LISTED ENTRIES:
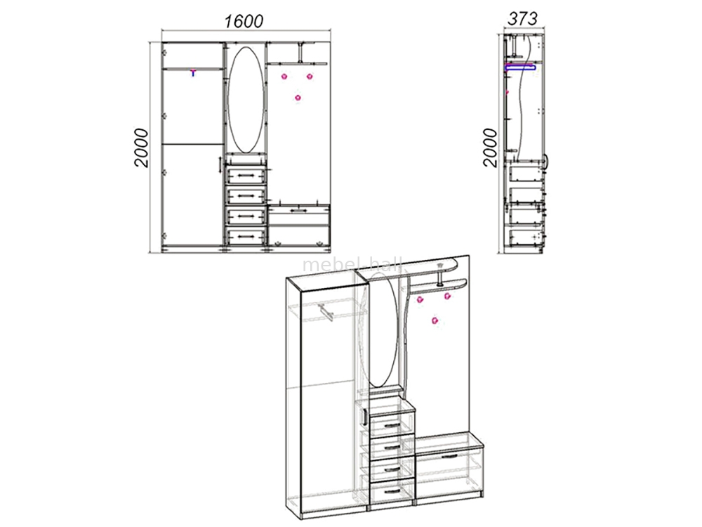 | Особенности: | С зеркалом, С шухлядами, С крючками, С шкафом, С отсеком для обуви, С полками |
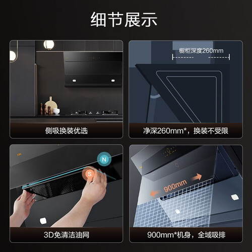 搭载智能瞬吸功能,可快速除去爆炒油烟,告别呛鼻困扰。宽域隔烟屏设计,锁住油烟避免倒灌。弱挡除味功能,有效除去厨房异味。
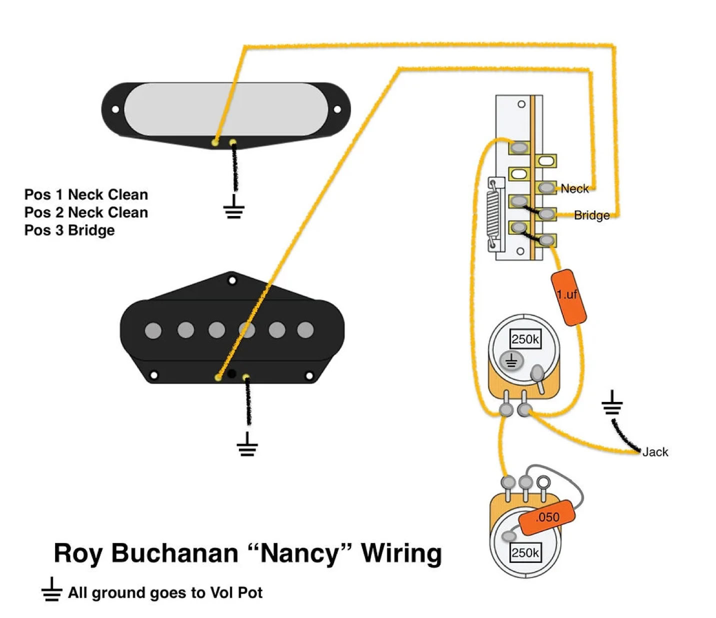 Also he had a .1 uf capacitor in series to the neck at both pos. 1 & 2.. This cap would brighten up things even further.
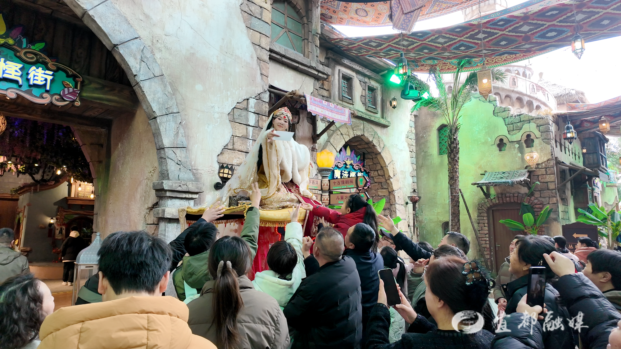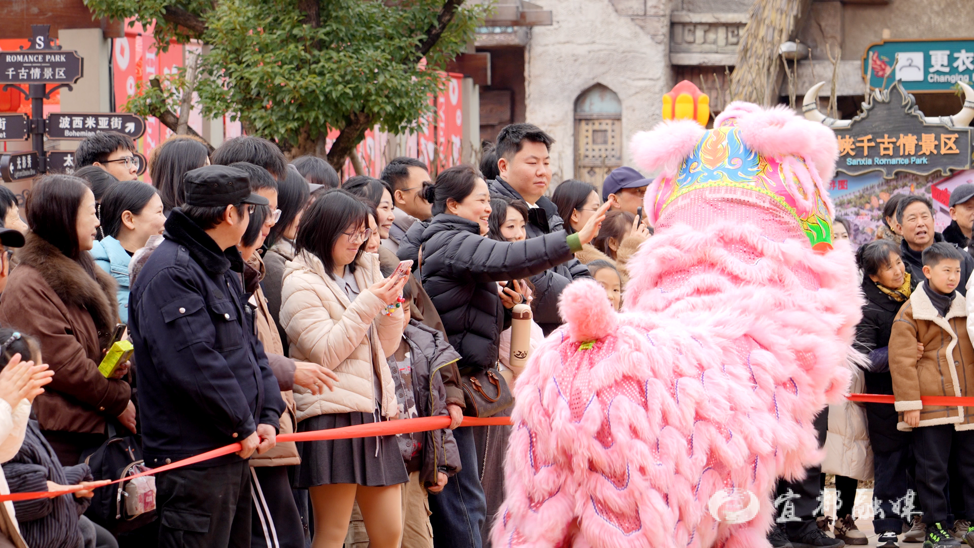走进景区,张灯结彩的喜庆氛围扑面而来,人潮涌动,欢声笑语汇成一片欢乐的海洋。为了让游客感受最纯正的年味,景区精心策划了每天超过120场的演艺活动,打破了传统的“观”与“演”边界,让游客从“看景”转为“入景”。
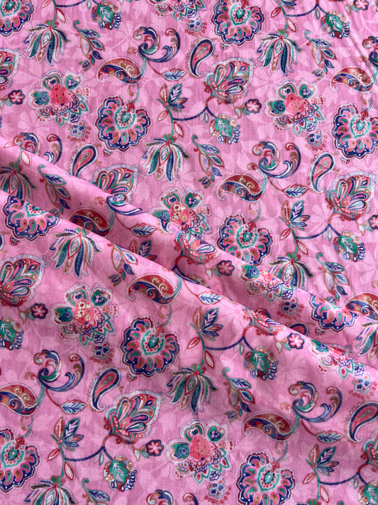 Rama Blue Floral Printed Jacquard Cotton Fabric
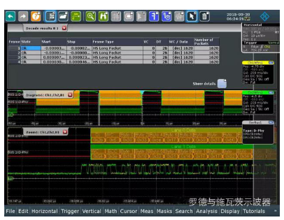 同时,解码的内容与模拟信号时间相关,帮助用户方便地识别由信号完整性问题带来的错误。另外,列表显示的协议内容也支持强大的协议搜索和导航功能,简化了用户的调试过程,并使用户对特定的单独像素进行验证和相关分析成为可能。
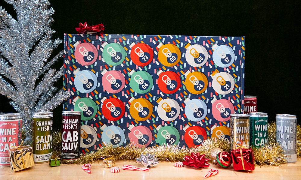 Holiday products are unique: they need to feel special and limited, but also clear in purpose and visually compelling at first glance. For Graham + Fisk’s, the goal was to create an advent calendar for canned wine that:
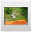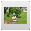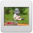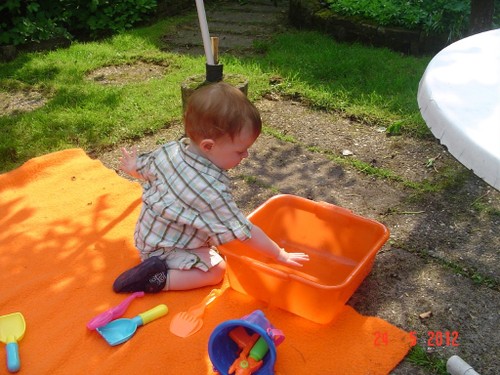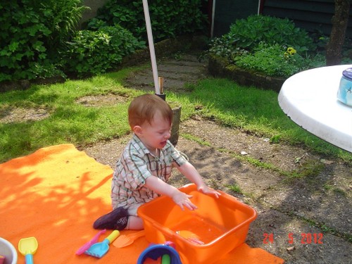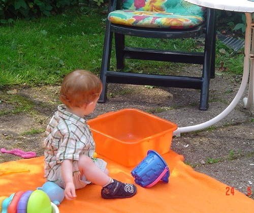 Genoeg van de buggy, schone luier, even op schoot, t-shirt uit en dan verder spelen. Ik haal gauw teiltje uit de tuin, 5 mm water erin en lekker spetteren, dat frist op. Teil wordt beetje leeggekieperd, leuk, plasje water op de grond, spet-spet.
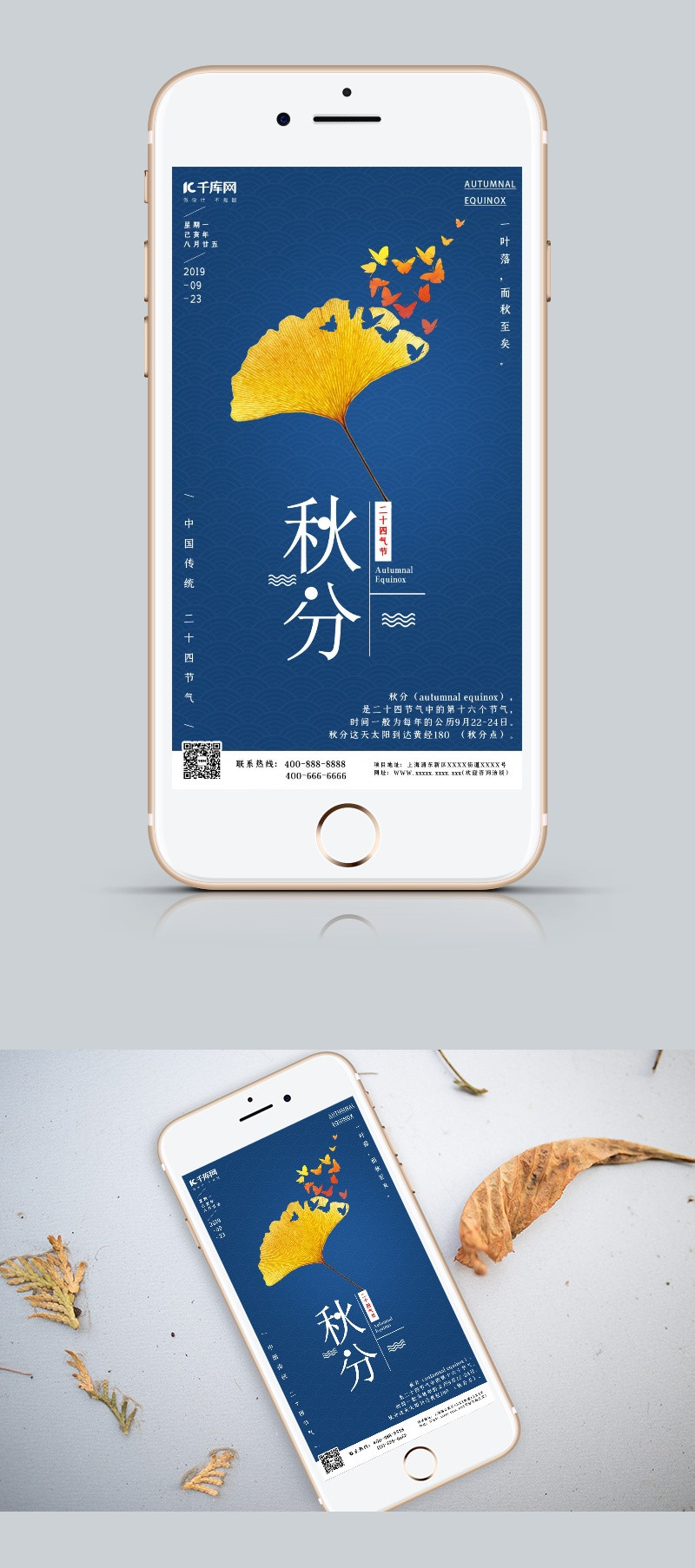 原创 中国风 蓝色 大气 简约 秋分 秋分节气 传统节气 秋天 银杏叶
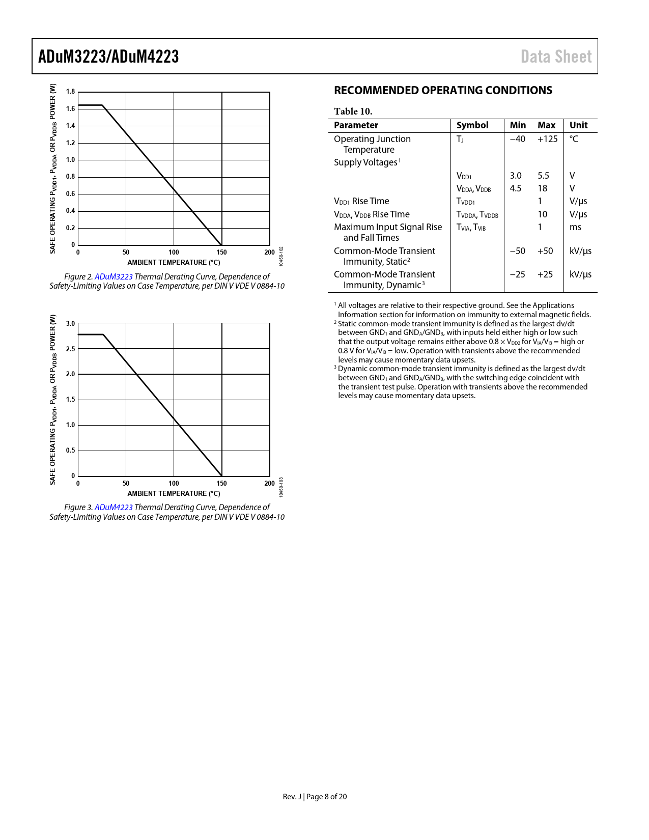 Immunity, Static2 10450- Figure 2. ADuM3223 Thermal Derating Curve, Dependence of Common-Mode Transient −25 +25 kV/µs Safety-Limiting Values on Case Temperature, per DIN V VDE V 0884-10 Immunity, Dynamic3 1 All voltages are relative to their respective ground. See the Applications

TASK TO COMPLETE:
Going by the data above, give back only the lines from the one containing "Rama Blue Floral" through the one containing "Genoeg van de", exactly as they stand, both ends included and no images.

RESPONSE AREA:
 Rama Blue Floral Printed Jacquard Cotton Fabric
 同时,解码的内容与模拟信号时间相关,帮助用户方便地识别由信号完整性问题带来的错误。另外,列表显示的协议内容也支持强大的协议搜索和导航功能,简化了用户的调试过程,并使用户对特定的单独像素进行验证和相关分析成为可能。
 Holiday products are unique: they need to feel special and limited, but also clear in purpose and visually compelling at first glance. For Graham + Fisk’s, the goal was to create an advent calendar for canned wine that:
 Genoeg van de buggy, schone luier, even op schoot, t-shirt uit en dan verder spelen. Ik haal gauw teiltje uit de tuin, 5 mm water erin en lekker spetteren, dat frist op. Teil wordt beetje leeggekieperd, leuk, plasje water op de grond, spet-spet.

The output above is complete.